### Task statement
Pictures in the entries below are to be left out; otherwise, reproduce exactly the lines from the first through the line containing "1층 주방은 편안한 신발(보통".

### Supplied entries
[Start of Attachment]
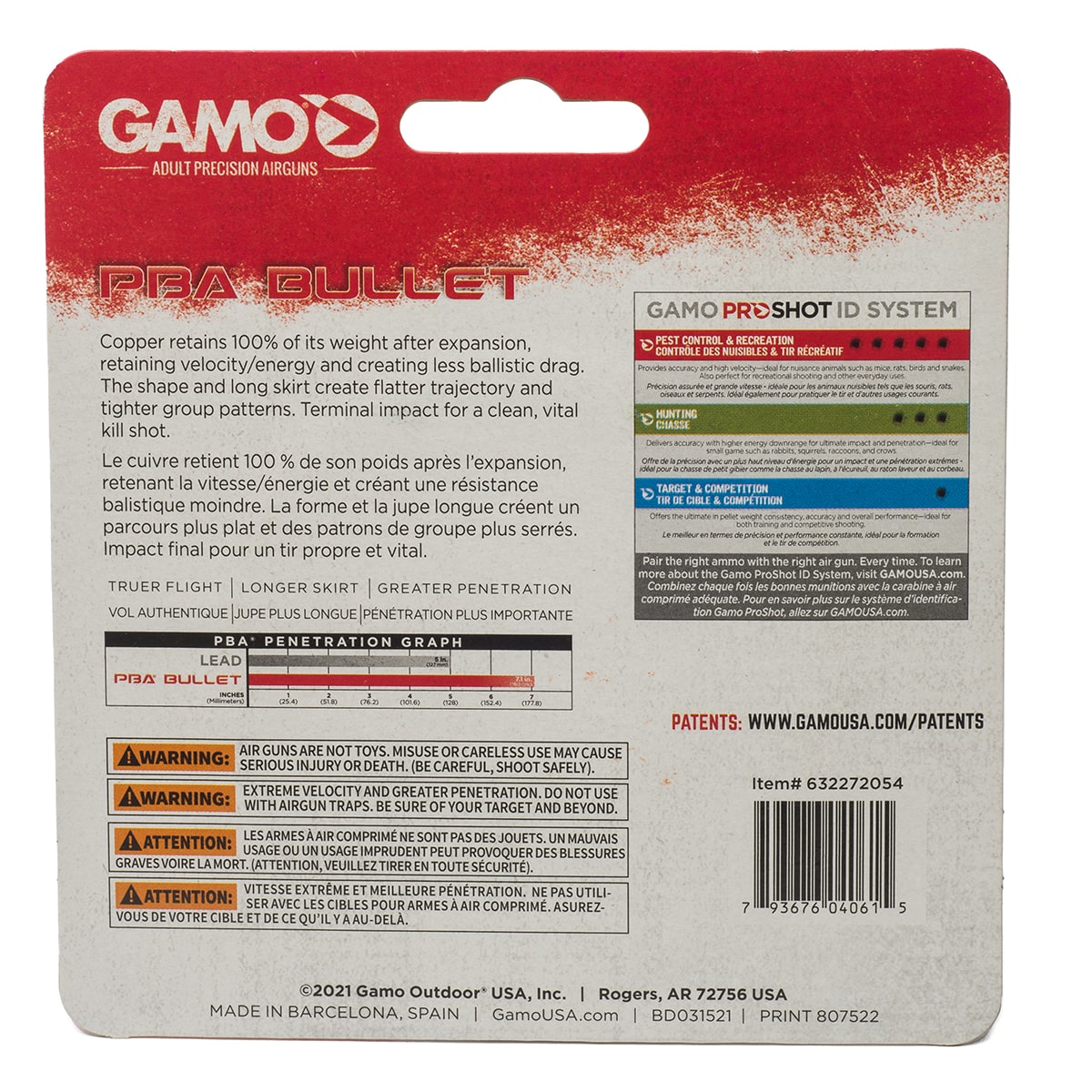 The Gamo PBA Bullet is of Copper and retains 100% of its weight after expansion, retaining velocity/energy and creating less ballistic drag. The shape and long skirt create flatter trajectory and tighter group patterns. Terminal impact for a clean, vital kill shot.
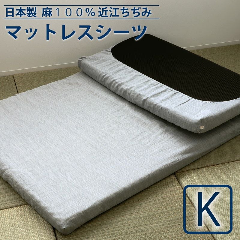寝返りするたび、ひんやり涼しい。シボで肌にはりつかない、夏におすすめの近江ちぢみ麻100%の日本製 マットレスシーツ
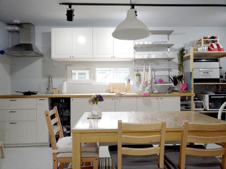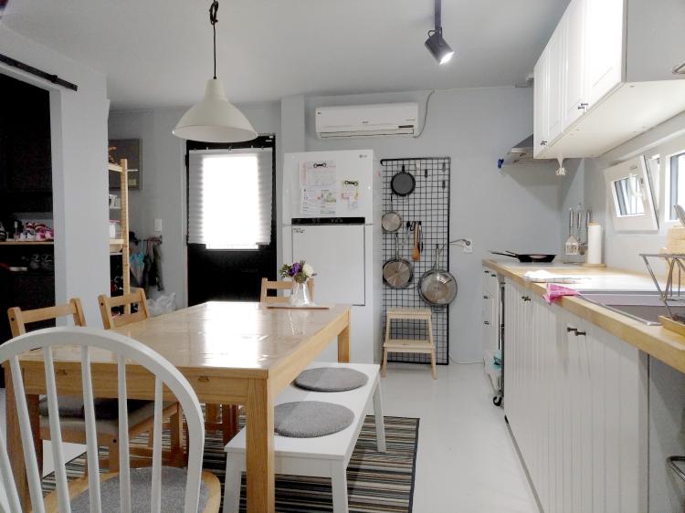 1층 주방은 편안한 신발(보통 슬리퍼)을 신고 생활 합니다. 외국처럼요. 역시 바닥에 보일러를 깔지 않았기 때문에 바닥에 앉는 일은 없죠. 주방에 큰 식탁을 놓아서 가족끼리 매일 저녁 같이 식사를 합니다.
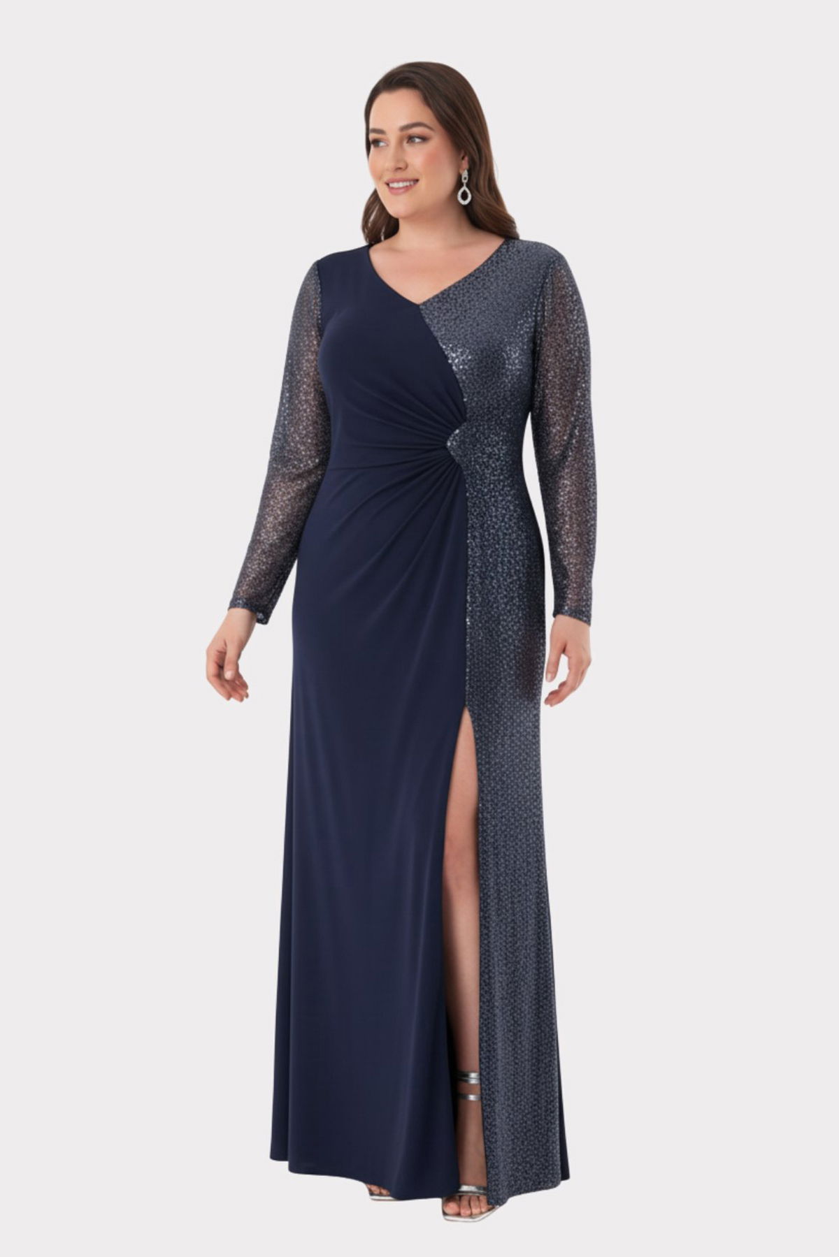 Detay: Büyük beden V yaka taş detaylı uzun abiye elbise, likralı kumaşıyla hem şıklığı hem de rahatlığı bir arada sunar. Uzun kollu ve yırtmaçlı tasarımı, belden drapeli formuyla zarif bir siluet oluştururken; kollar ve bedenin yarısındaki taş işlemeler göz alıcı bir ışıltı katar. Astarlı ve fermuarlı yapısı sayesinde özel davetlerde elegan ve konforlu bir tercih haline gelir;
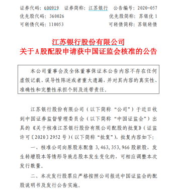 11月16日晚间,江苏银行公告称,该行近日获得的证监会相关批复显示:核准其向原股东配售不超过34.634亿股,发生转增股本等情形导致总股本发生变化的,可相应调整本次发行数量;本批复自核准发行之日起12个月内有效。
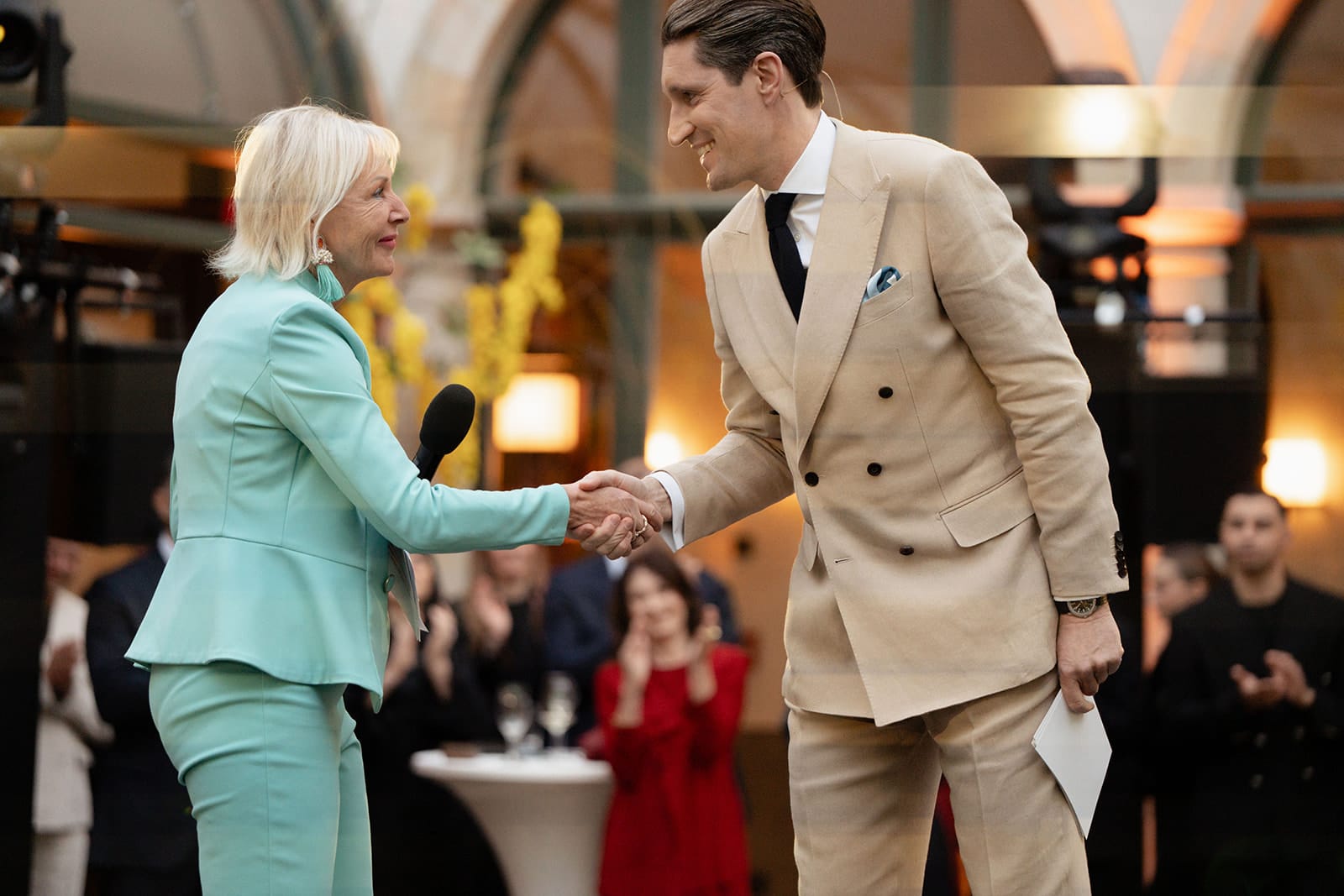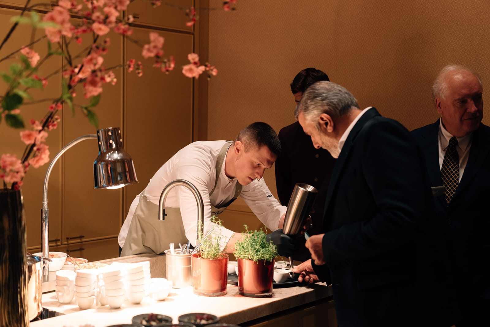 Wir sitzen am Nachmittag vor der Eröffnung in einem der Salons. Frank Marrenbach, CEO der Althoff Hotels, erzählt; Boris lehnt sich leicht nach vorn, wie jemand, der weiß, was als Nächstes kommt. Es ist die Geschichte mit der Olive.
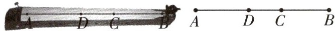 4 教材P98T1变式[2023达州中考]如图,乐器上的一根弦$AB= 80cm$,两个端点A,B固定在乐器面板上,支撑点C是靠近点B的黄金分割点,支撑点D是靠近点A的黄金分割点,则支撑点C,D之间的距离为
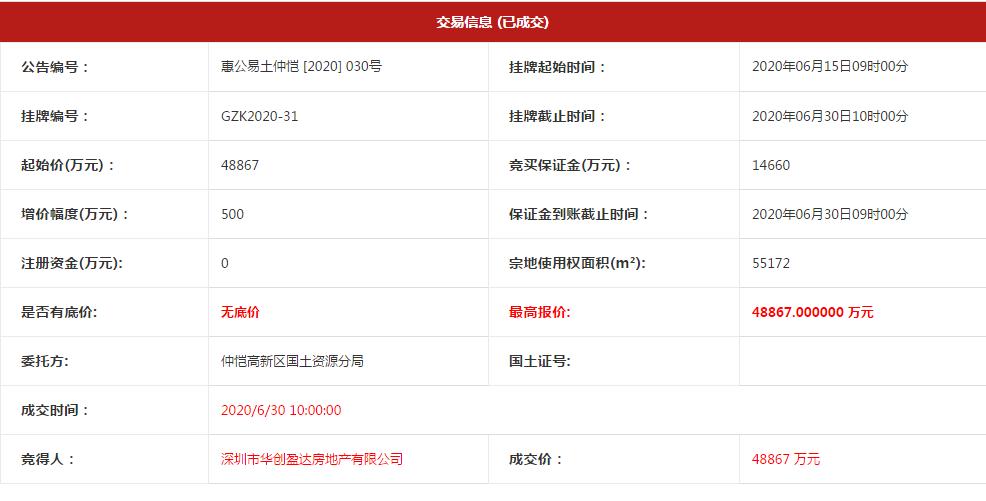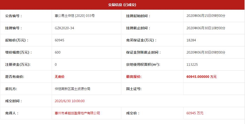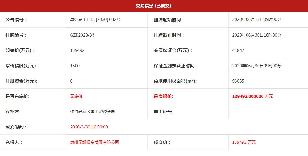 地块编号惠公易土仲恺[2020]033号,挂牌编号GZK2020-34,宗地使用权总面积113225㎡,土地使用权出让年限住宅七十年,商服四十年,工业(M0)四十年,物流仓储五十年,计容积率建筑面积≤199424㎡(其中商服建筑面积≤44870㎡),容积率≤4.0,建筑密度<38%,绿地率≥25%,起始价6.09亿元。
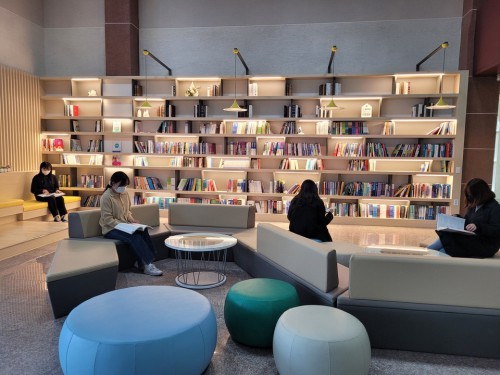 Çлý ÈްԽǿ¡´Â ÇлýµéÀÌ ½¬°í ½ÍÀ» ¶§ Æí¾ÈÇÏ°Ô ½¯ ¼ö ÀÖµµ·Ï ¸®Å¬¶óÀ̳ʸ¦ ¹èÄ¡Çϰí, 1Ãþ °ÀÇ½Ç ¾ÕÂÊ¿¡ ÇлýµéÀÌ ³ëÆ®ºÏÀ» »ç¿ëÇÏ¿© ÇнÀÇÒ ¼ö ÀÖ´Â ½ºÅ©¸°À» ¼³Ä¡ÇÑ ½ºÅ͵ð ·ë °ø°£µµ ¸¸µé¾ú´Ù. 1300¿© ±ÇÀÇ Ã¥°ú Çлý º¹Áö½Ã¼³ÀÇ ÀϺδ ¹ßÀü±â±ÝÀ¸·Î È®ÃæµÆÀ¸¸ç ÀÌ¿Í °°Àº Çлýº¹Áö½Ã¼³ ¹× ±³À°½Ã¼³ È®Ãæ ³ë·Â¿¡ ÇлýµéÀÇ ¸¸Á·µµ°¡ ´ëÆø Çâ»óµÆ´Ù.
[End of Attachment]
### Solved exercise
 The Gamo PBA Bullet is of Copper and retains 100% of its weight after expansion, retaining velocity/energy and creating less ballistic drag. The shape and long skirt create flatter trajectory and tighter group patterns. Terminal impact for a clean, vital kill shot.
寝返りするたび、ひんやり涼しい。シボで肌にはりつかない、夏におすすめの近江ちぢみ麻100%の日本製 マットレスシーツ
 1층 주방은 편안한 신발(보통 슬리퍼)을 신고 생활 합니다. 외국처럼요. 역시 바닥에 보일러를 깔지 않았기 때문에 바닥에 앉는 일은 없죠. 주방에 큰 식탁을 놓아서 가족끼리 매일 저녁 같이 식사를 합니다.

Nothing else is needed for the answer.